# [Records for the task]
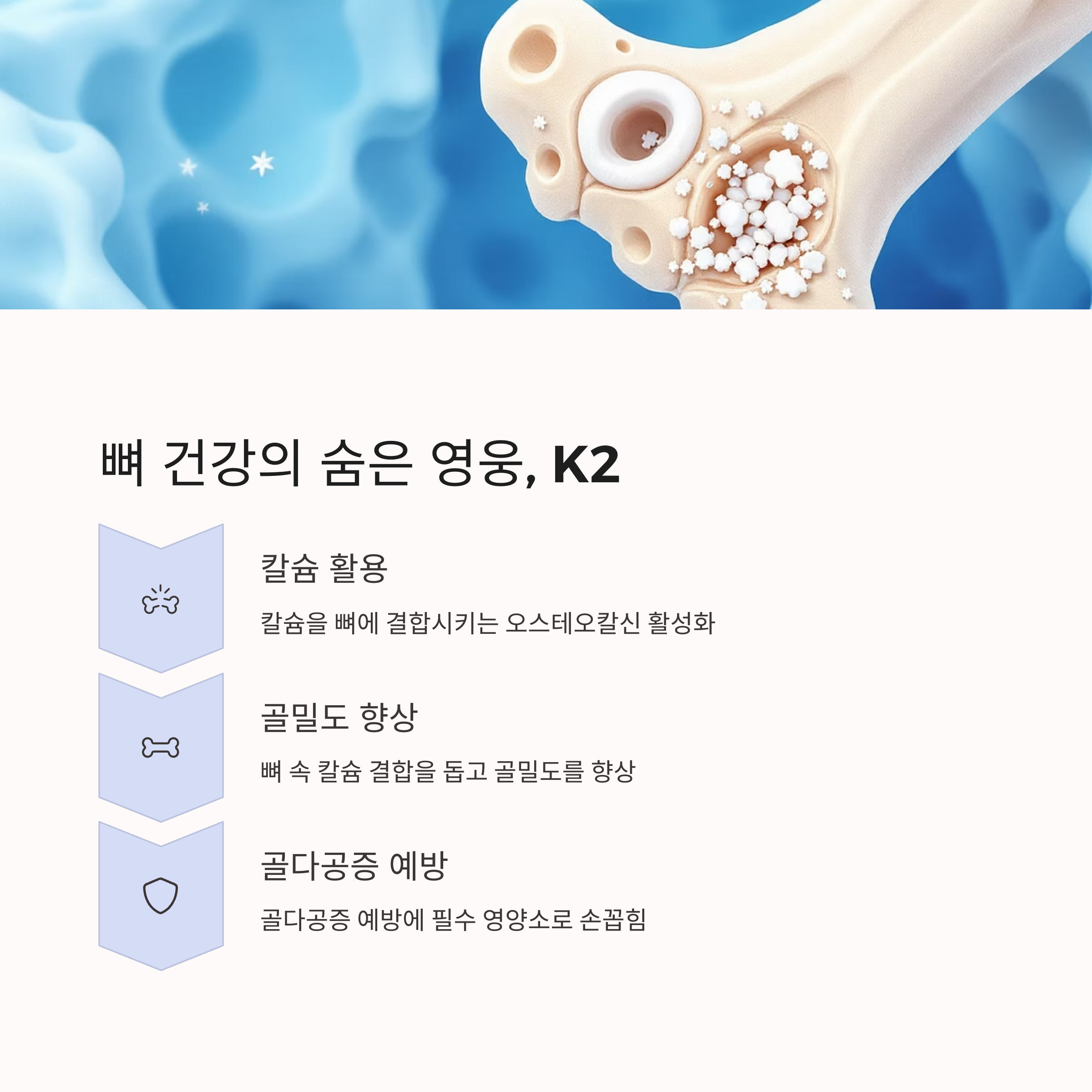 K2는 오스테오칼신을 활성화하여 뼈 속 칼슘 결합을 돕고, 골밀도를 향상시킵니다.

---

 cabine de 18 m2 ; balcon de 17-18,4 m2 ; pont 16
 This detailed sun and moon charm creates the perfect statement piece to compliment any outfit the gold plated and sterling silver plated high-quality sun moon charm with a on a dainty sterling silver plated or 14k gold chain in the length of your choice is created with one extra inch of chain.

# [Work item]
Produce a word-for-word copy of everything above from the line holding "cabine de 18" down to the line holding "This detailed sun", with both of those lines kept.

# [Answer box]
 cabine de 18 m2 ; balcon de 17-18,4 m2 ; pont 16
 This detailed sun and moon charm creates the perfect statement piece to compliment any outfit the gold plated and sterling silver plated high-quality sun moon charm with a on a dainty sterling silver plated or 14k gold chain in the length of your choice is created with one extra inch of chain.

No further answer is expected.